For me, the most interesting aspect of this paper is the differential responsiveness to DHA. Understanding why certain cell lines are responsive to treatments whilst others are not could ultimately have implications in the clinic: The success of a particular treatment could depend on patients being "subtyped" appropriately. However, given that this study only examines cells from two familial patients and two sporadic patients, it is difficult to draw any firm conclusions in that respect without expanding this study to include more patients.

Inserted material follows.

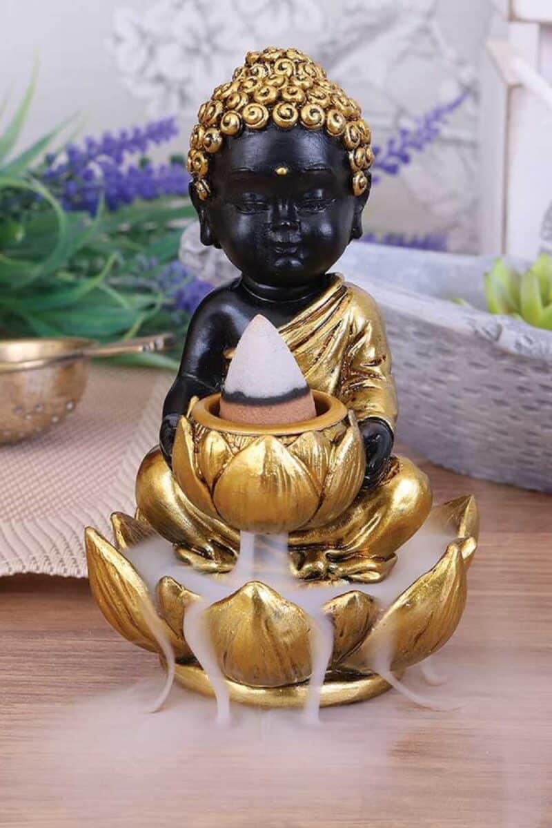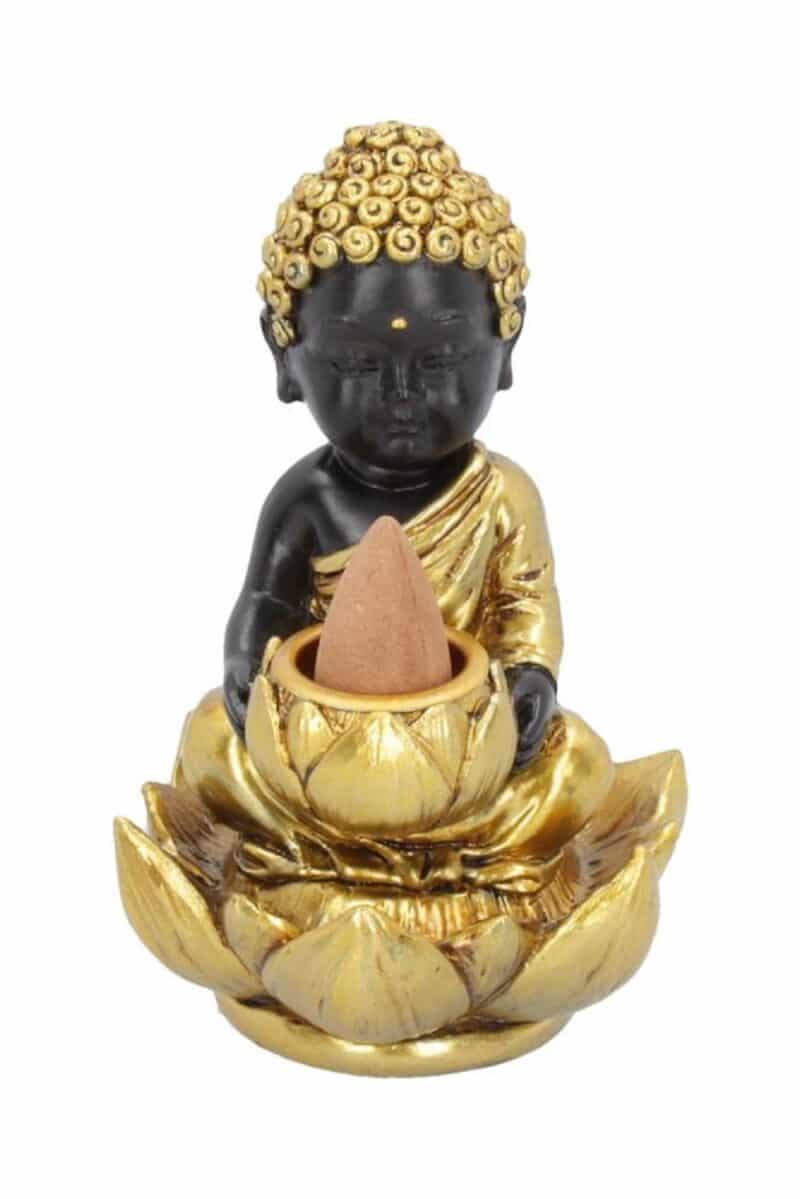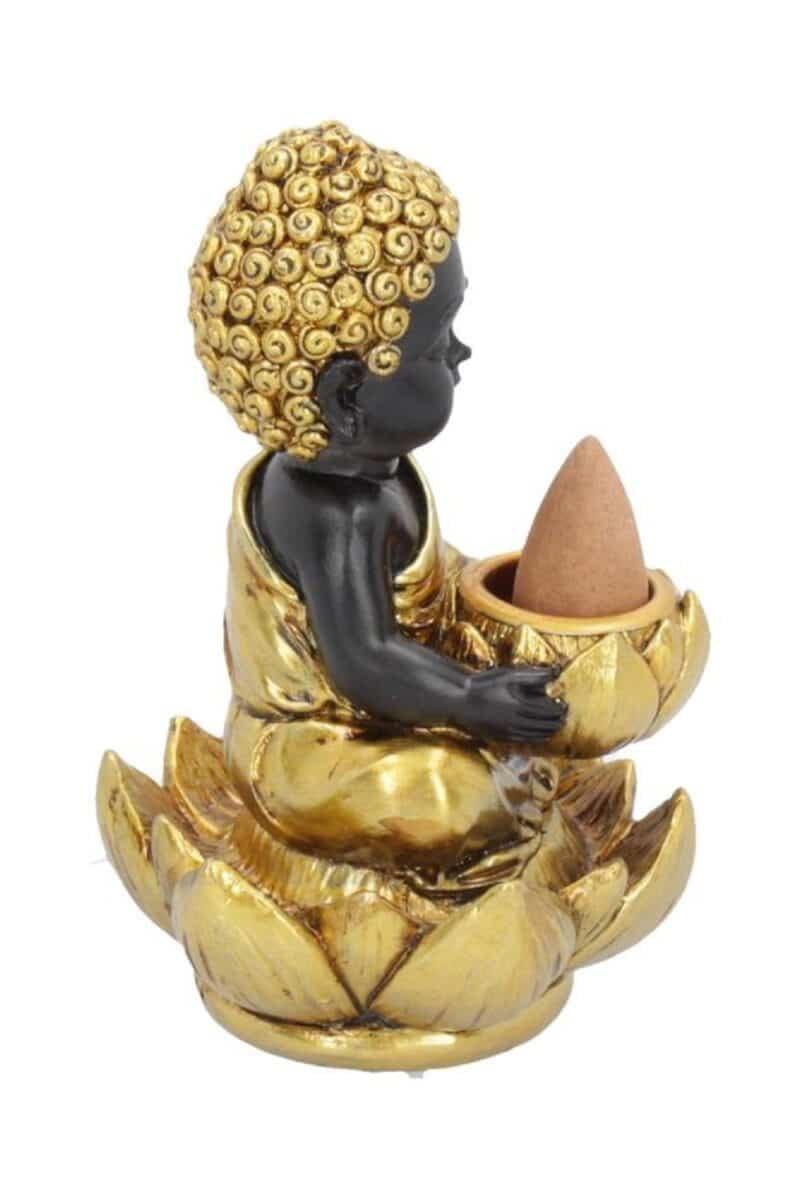 Rahulik väike Buddha istub ristatud jalgadega kuldse lootose sees. Ta hällitab väiksest lootoseõit, kuhu saab asetada lõhnakoonuse.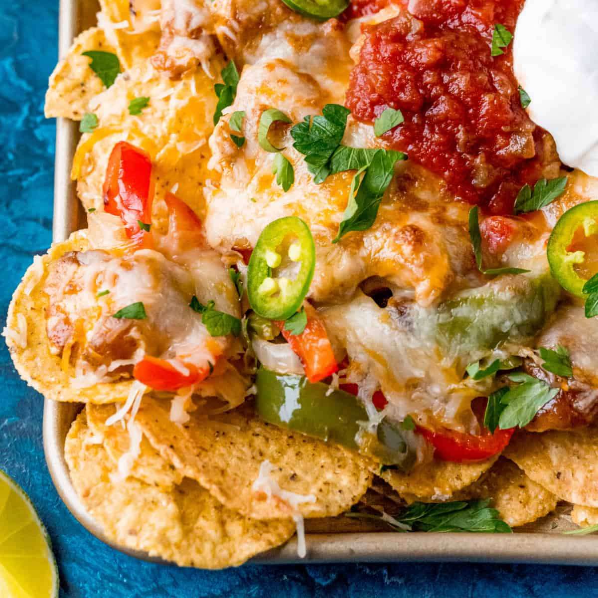 These Sheet Pan Chicken Fajita Nachos are made with a traditional fajita mixture piled on a layer of tortilla chips, then topped with melted cheese and loaded with other nacho toppings. A family favorite meal or a delicious appetizer for game day.

This extensive, collaborative study brings new evidence supporting the idea that the pathologically relevant amyloid-β peptide (Aβ) is produced and aggregates in compartments in the neuronal soma, including the endosomes, lysosomes, and the endoplasmic reticulum (ER). The generation and oligomerization of Aβ in the ER does not come as a surprise, given that the ER is one of the centers of stress response of the cell. Many types of stress—oxidative, improper protein folding, or the accumulation of proteins in the soma due to impeded transport along the secretory pathway—appear to be sensed by the ER. The ER response, which is geared to relieve the stress-related pathology, is currently widely studied.
The idea that Aβ is generated in the soma, where it accumulates and oligomerizes, is not new (1-3). Also, the idea that stress leads to the generation, accumulation, and oligomerization of Aβ in the endoplasmic reticulum has been previously proposed. For example, we reported that enhanced cleavage of APP in the ER, followed by accumulation and oligomerization of Aβ inside the ER, represents the specific response of the neuron to impeded axonal transport (4)—a situation that becomes an issue in old age (5). It is also likely that part of the oligomeric Aβ produced either in the ER or in the somatic endosomes escapes from these compartments and is transported into neurites, accumulating at their distal tips (2). Although some Aβ could certainly be generated and aggregated at the synapse, emerging evidence, such as that provided by this study, highlights the possibility that pathologically relevant Aβ oligomers are produced in the neuronal soma in neurons affected by Alzheimer's disease. This intraneuronal Aβ could be released in the extracellular space either by cell death or by other mechanisms operating in neurons, such as externalization via exosomes. The field of Alzheimer’s disease is eagerly awaiting new developments in this direction.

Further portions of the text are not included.